I ended up liking that aspect of the match, even if it meant that I had a somewhat rough time going first on the last stage of Day Two, a 32 round field course with lots of options. In a strange way, it was nice to be freed of the requirement to spend 30 minutes walking through a complex stage and looking for every possible edge. I know at a big match, my competition will be doing it, so I’ll do it too in order to be competitive. But of the whole experience, spending that time is probably one of my least favorite parts. I would compare it to playing speed chess vs regular chess. When the rules of the game force you to quickly come up with something that’s sufficient, it’s more fun than having a de facto requirement to laboriously solve for perfection.

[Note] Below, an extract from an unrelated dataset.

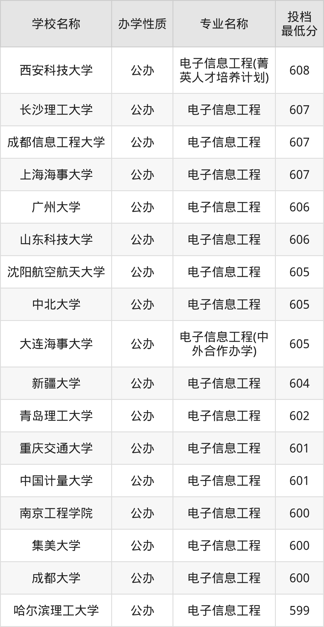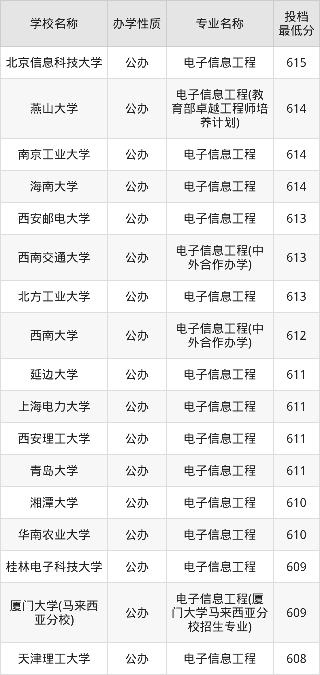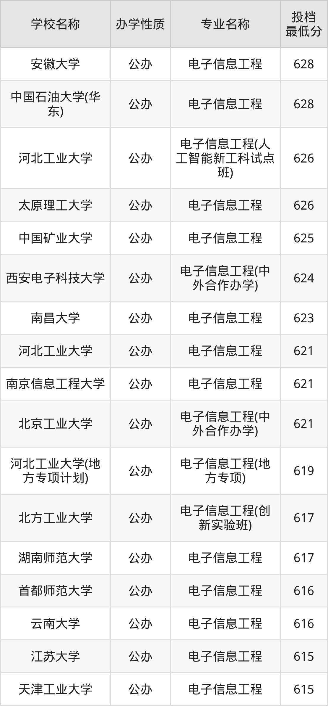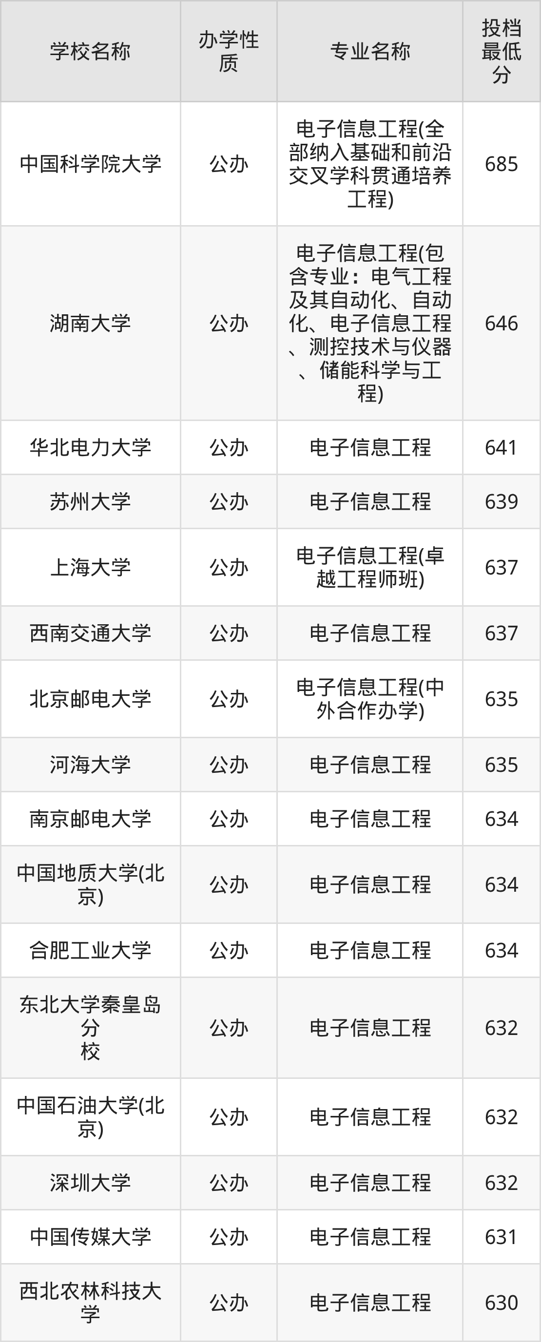 下面是全国各个大学电子信息工程专业最低录取分数线排名一览表,考生可根据自己的分数情况选择合适的学校报考。

Despite only having 5 minutes to look at each stage, my strongest stages were the longer ones. Short courses, defined as 12 rounds or less, are rare in USPSA outside of classifiers. But IPSC rules require that half the stages in the match be short courses, and a few of them exposed weak points in my game. Of my three mikes in the match, two were on on very short 6 or 8 round stages. They never should have happened in the first place, but I think I’m used to very short stages being Virginia Count (limited) classifiers. IPSC got rid of Virginia Count a few years ago, but I didn’t have the presence of mind to think about that when I was shooting these stages. I’ll have to remember that for next time.

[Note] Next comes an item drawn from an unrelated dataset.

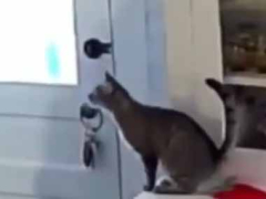 猫カフェで掃除をしていた。窓ガラスにスプレーしてフキフキ♪ → 猫、手伝います…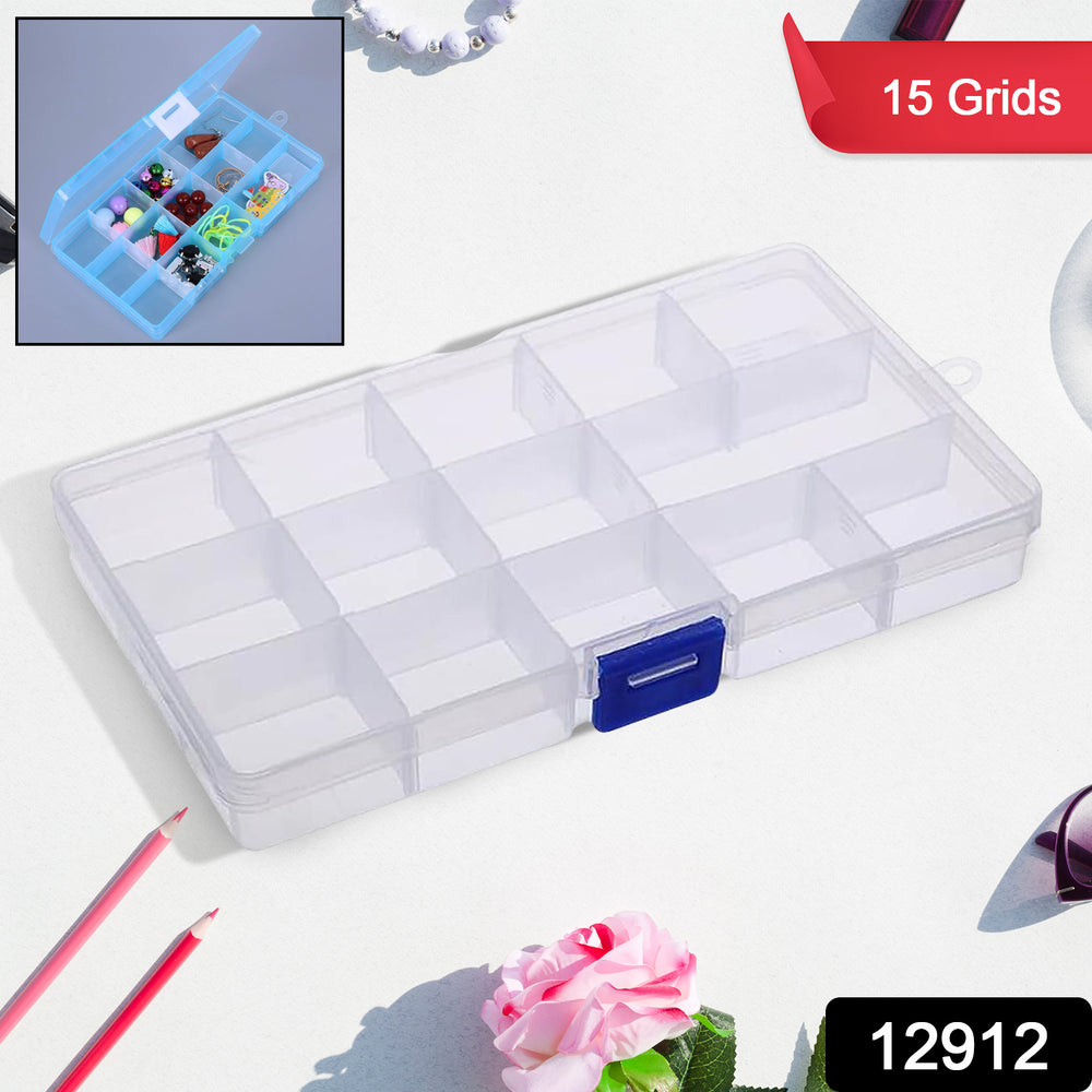 12912 15 Grids Jewelry Organizer Plastic Jewelry Organizer Box Clear Jewelry Organizer Box Plastic Bead Organizers with Adjustable Dividers for Herbs Pills Bead, Jewelry, and Other Small Item (1 Pc)

This match also took equipment check more seriously than I’ve ever seen at a USPSA match, including a sheet to check that you’re not changing what’s on your belt depending on the stage, and you’re complying with the rules of your division. I don’t think a lot of competitors try to rearrange their belts on the fly, and I don’t think it would help very much even if they did, but it was nice to see a high level of rigor applied to administering a national-level match.

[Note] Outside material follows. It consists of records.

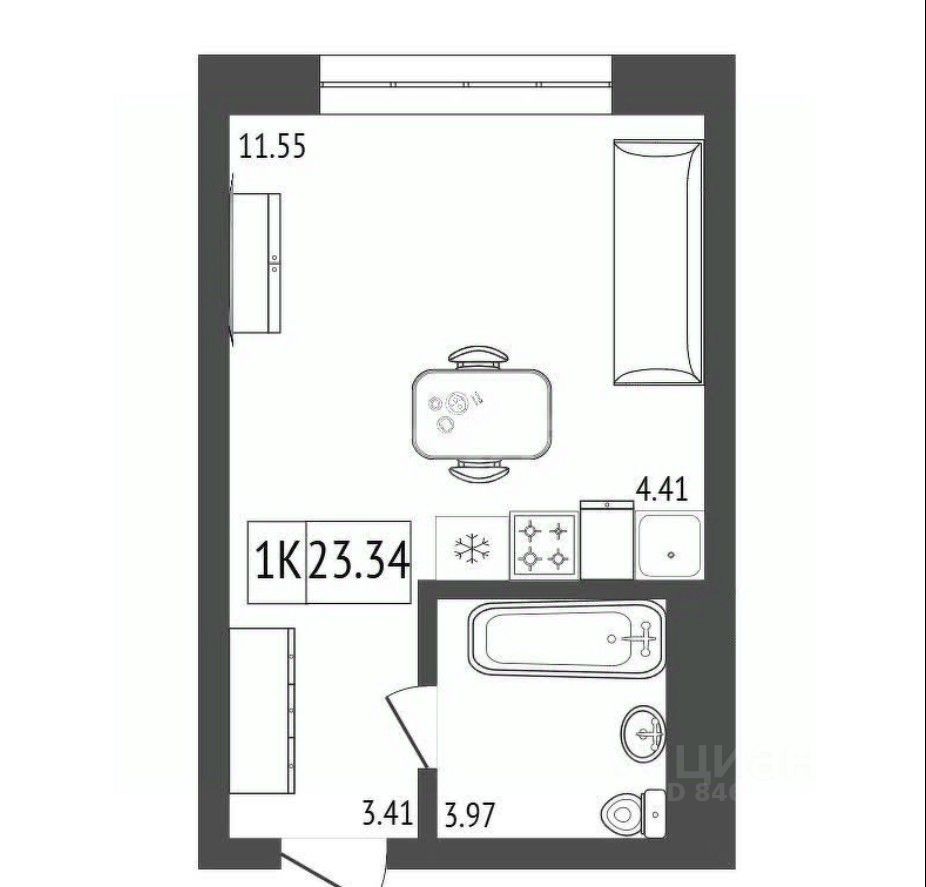 Общая площадь23,34 м²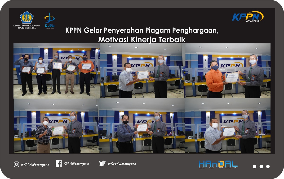 KPPN Watampone menggelar kegiatan penyerahan Piagam Penghargaan dari Kanwil DJPb Provinsi, bertempat di Ruang Pelayanan (FO) KPPN diikuti oleh Pejabat Pengawas dengan tetap mematuhi protokol kesehatan, Kamis (14/10/2021).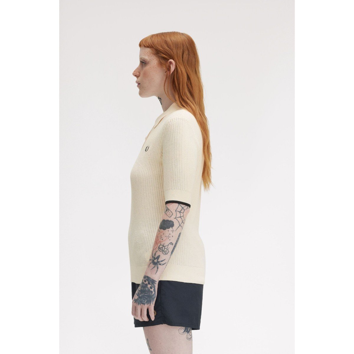 Fred Perry K9113 Mesh Knıt Polo Kadın Tshırt – AÇIK EKRU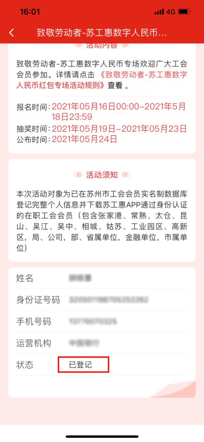 2️、已到开放查询的时间,则用户可进入“致敬劳动者-苏工惠数字人民币专场”活动页面,查看中签结果。如状态为显示为“公布中”,表示系统正在陆续公布中签结果,请稍后查询。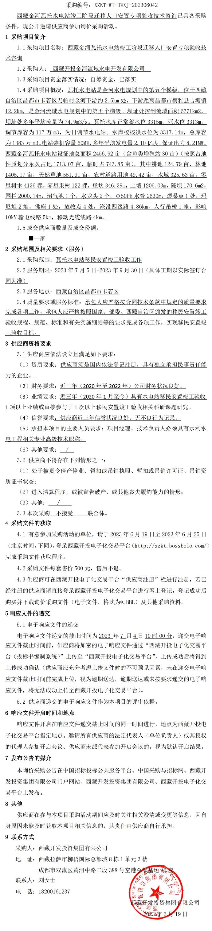 西藏金河瓦托水電站竣工階段遷移人口安置專(zhuān)項驗收技術(shù)咨詢(xún)詢(xún)價(jià)采購公告

Also, this was the first time I got to shoot Production with 15 round mags, and it’s definitely way more interesting. You just have more options when you can move between two positions without always reloading. With 10 rounds in a mag, if each position requires 6 rounds, you have to reload between each one, where having 15 round mags means be able to keep your gun up and shoot entering and leaving positions more often. It’s not enough of a difference to make me go to USPSA Limited just for the higher capacity, but I’d be happy if USPSA Production moved to 15 rounds.
IPSC Nationals is usually sparsely attended, for a few reasons. Every division has slightly different rules than USPSA, including loading to a slightly higher power factor or using smaller basepads or having to use factory parts in Production. It’s also always in Frostproof, Florida, which means it’s a significant amount of travel for almost anyone who wants to shoot it. The stages are characteristically hard, both in difficulty of the shots involved and the lack of run-and-gun, hosing stages.
The end result is that the crowd of shooters who shows up ends up being somewhat more serious competitors than your average big match. If I have one regret about this part of the match, it’s that I was so intensely focused on the shooting my game that it wasn’t until the middle of the second day that I started relaxing and talking to the rest of the squad a little more.
Normally, this match is one of the matches you have to shoot if you want to qualify to represent the US at the World Shoot every three years. But since this year is a World Shoot year, the teams have already been chosen and you don’t have to shoot this match to qualify. I took this as a positive since I knew my first IPSC experience would probably not go perfectly. Just going and shooting and dipping my toe in the IPSC waters made this match a success for me.
It also served as a practice run for this year’s USPSA Iron Sight Nationals in St. George, Utah. It was a chance to figure out what gear worked (my REI camp stool is still going strong and awesome as ever) and what didn’t (I can no longer recommend the Mobius Mini as anything but a budget alternative hat cam since it crapped out and missed a few stages). The match helped me identify areas to train and reminded me not to do anything I haven’t practiced on match day if I can possibly avoid it. It helped me see how stage plans that might be good enough for a stage win at local matches still leave room for improvement.
I went to this match to learn, to get experience with IPSC, to get experience at Frostproof, and to be challenged. All of those things happened. This match will be at the top of my list to shoot every year if I can make it.